__Your task__
Where the records below show a line containing "Sabato 11 settembre, alle", start copying; end with the line containing "UBAYMAX Läderportfölj laptopväska", and copy it too.

__Record set__
·····
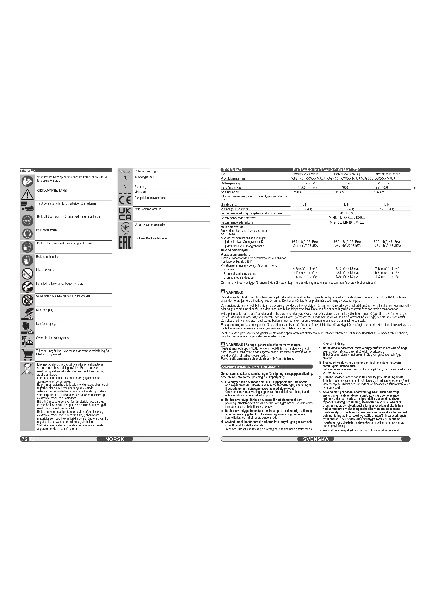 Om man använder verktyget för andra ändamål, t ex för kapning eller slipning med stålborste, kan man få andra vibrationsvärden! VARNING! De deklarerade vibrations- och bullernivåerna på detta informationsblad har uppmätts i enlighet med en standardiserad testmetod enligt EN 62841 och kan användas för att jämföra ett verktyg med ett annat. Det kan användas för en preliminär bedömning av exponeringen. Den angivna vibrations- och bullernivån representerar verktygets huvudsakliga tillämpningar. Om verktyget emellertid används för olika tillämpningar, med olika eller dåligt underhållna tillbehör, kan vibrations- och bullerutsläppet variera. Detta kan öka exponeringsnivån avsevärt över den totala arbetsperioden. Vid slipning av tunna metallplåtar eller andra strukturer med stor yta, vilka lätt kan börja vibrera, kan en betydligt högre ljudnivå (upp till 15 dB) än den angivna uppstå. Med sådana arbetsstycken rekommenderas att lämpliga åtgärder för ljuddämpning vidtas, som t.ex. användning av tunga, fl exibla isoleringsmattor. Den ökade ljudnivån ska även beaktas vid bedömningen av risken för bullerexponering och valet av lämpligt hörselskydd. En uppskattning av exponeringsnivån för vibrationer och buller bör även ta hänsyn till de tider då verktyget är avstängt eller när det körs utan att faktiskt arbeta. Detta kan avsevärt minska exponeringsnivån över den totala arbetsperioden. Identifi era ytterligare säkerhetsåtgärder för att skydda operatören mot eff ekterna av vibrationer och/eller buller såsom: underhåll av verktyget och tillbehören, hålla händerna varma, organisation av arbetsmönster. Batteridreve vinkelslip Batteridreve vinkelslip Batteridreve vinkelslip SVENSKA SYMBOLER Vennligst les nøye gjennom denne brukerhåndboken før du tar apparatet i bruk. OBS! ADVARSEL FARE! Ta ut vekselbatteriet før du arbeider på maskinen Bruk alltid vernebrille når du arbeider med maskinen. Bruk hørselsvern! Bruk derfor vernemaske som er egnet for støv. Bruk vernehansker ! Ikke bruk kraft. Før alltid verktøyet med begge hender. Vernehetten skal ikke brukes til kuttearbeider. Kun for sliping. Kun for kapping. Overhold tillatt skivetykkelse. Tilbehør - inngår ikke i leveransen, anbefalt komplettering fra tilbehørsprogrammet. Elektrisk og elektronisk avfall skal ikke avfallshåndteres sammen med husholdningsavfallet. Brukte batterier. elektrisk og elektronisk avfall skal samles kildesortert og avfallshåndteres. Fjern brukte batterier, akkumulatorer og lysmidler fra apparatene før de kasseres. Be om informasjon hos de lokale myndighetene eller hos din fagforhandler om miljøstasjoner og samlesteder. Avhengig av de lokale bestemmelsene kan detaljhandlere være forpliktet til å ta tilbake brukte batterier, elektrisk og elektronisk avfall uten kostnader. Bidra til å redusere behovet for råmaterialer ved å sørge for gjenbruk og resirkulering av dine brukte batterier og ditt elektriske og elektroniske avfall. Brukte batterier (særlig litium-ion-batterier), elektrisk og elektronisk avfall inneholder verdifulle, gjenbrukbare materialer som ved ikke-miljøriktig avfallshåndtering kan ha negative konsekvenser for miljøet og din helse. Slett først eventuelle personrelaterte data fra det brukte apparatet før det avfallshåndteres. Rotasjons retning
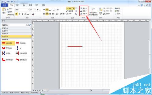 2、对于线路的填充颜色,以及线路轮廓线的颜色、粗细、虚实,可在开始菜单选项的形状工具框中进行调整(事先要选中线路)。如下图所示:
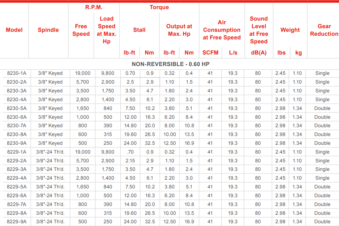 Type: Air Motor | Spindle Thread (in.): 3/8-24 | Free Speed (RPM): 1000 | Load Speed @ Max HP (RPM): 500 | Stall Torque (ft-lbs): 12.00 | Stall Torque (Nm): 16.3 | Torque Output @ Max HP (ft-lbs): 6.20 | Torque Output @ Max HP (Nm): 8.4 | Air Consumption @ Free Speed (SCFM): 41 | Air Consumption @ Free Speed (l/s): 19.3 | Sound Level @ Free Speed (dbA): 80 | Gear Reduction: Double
·····
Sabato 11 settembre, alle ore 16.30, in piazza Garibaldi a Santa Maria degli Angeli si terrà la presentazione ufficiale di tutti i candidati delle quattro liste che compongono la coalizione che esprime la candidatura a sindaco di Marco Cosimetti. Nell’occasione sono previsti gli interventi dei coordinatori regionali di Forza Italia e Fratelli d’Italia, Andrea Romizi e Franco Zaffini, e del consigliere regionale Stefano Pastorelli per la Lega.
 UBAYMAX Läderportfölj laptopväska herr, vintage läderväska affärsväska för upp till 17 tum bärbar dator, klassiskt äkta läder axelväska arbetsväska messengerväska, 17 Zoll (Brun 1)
·····
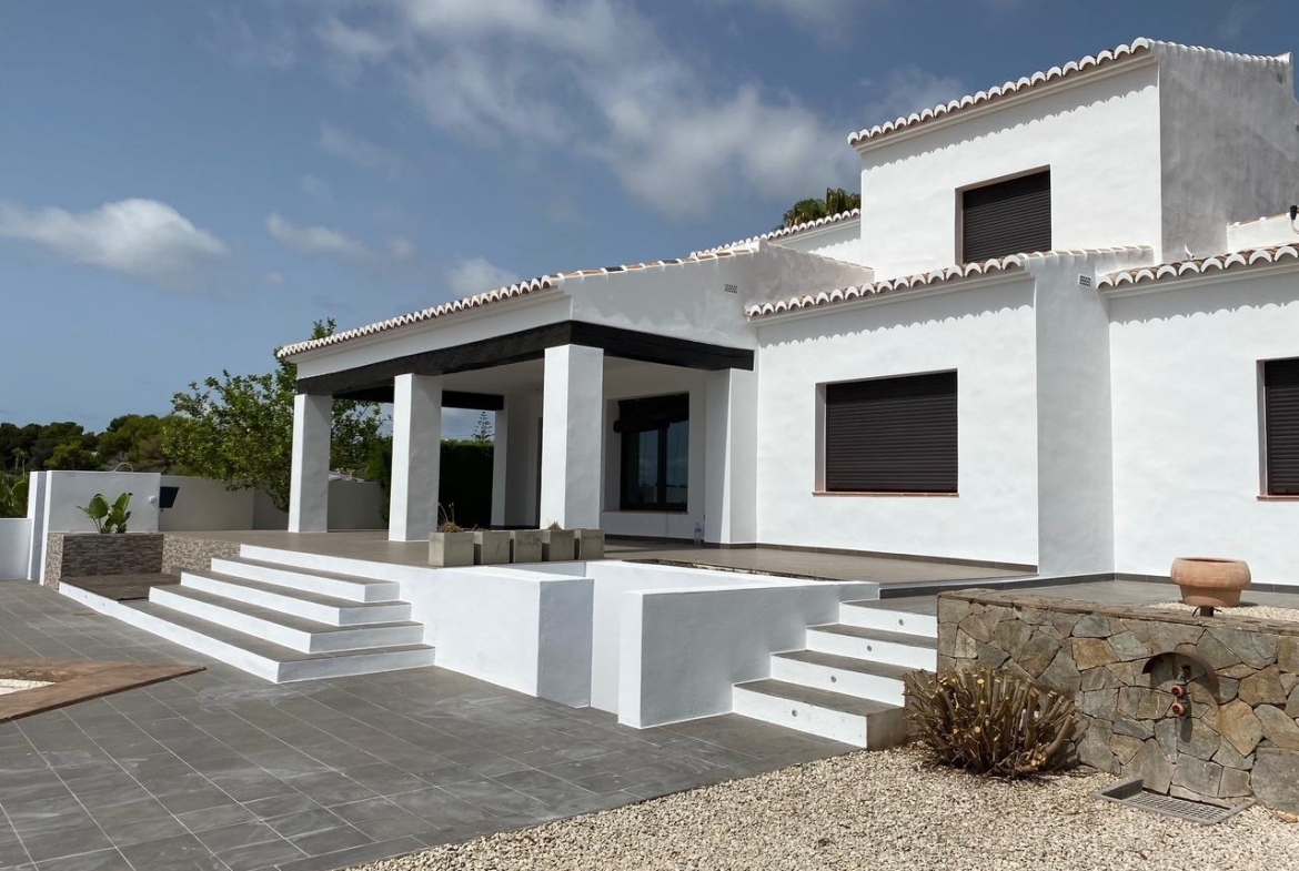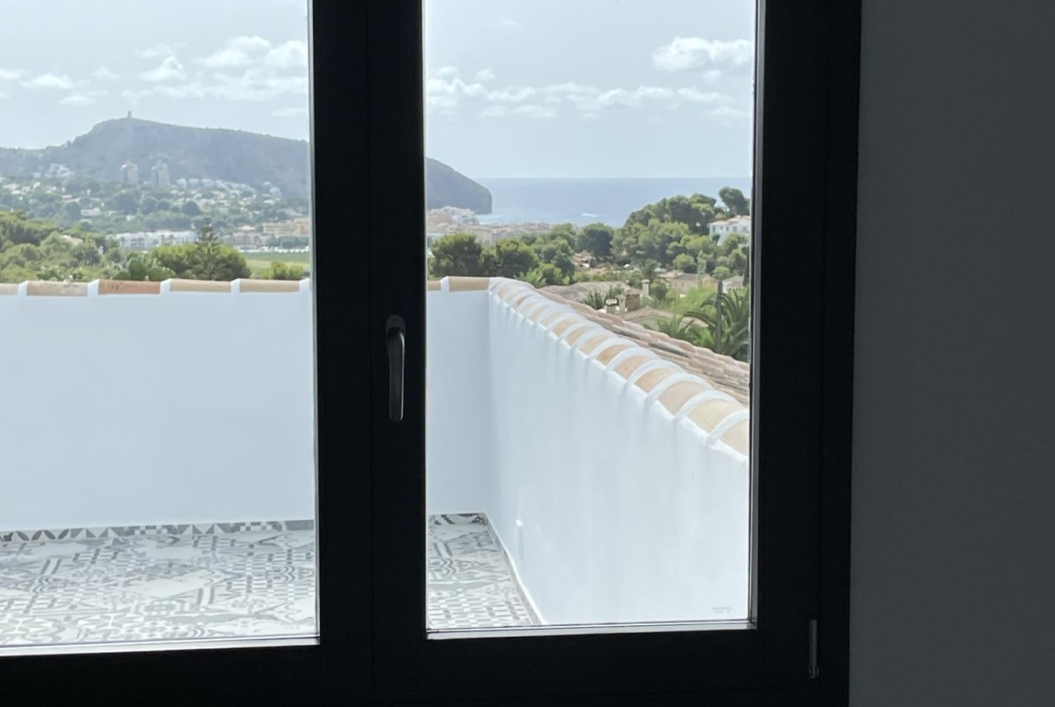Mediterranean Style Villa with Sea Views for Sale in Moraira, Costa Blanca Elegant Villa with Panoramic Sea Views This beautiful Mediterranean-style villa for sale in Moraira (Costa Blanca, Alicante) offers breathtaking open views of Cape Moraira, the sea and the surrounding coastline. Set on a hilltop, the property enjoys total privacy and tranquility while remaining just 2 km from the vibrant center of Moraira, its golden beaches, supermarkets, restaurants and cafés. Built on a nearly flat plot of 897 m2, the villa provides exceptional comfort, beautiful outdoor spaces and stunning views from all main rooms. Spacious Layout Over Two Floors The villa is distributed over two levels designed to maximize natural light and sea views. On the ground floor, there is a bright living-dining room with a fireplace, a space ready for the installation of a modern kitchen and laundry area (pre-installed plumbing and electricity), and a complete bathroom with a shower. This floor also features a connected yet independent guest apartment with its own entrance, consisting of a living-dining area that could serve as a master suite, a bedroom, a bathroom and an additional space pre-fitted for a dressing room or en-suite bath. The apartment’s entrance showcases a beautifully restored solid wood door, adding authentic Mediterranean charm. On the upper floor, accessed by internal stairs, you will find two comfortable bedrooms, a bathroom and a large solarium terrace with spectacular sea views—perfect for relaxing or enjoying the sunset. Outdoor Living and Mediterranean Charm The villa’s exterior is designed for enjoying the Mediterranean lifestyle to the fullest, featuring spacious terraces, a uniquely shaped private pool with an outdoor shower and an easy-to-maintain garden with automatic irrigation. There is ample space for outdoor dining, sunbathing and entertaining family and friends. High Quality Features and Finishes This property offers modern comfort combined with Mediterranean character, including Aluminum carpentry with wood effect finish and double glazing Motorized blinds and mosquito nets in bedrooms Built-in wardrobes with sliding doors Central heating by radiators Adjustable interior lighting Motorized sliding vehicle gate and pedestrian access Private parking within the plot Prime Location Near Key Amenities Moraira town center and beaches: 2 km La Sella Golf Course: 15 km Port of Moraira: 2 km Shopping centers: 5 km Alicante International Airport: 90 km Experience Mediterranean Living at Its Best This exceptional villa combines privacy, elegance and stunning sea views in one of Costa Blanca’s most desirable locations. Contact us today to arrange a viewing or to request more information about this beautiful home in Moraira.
·····
__Your solution__
Sabato 11 settembre, alle ore 16.30, in piazza Garibaldi a Santa Maria degli Angeli si terrà la presentazione ufficiale di tutti i candidati delle quattro liste che compongono la coalizione che esprime la candidatura a sindaco di Marco Cosimetti. Nell’occasione sono previsti gli interventi dei coordinatori regionali di Forza Italia e Fratelli d’Italia, Andrea Romizi e Franco Zaffini, e del consigliere regionale Stefano Pastorelli per la Lega.
 UBAYMAX Läderportfölj laptopväska herr, vintage läderväska affärsväska för upp till 17 tum bärbar dator, klassiskt äkta läder axelväska arbetsväska messengerväska, 17 Zoll (Brun 1)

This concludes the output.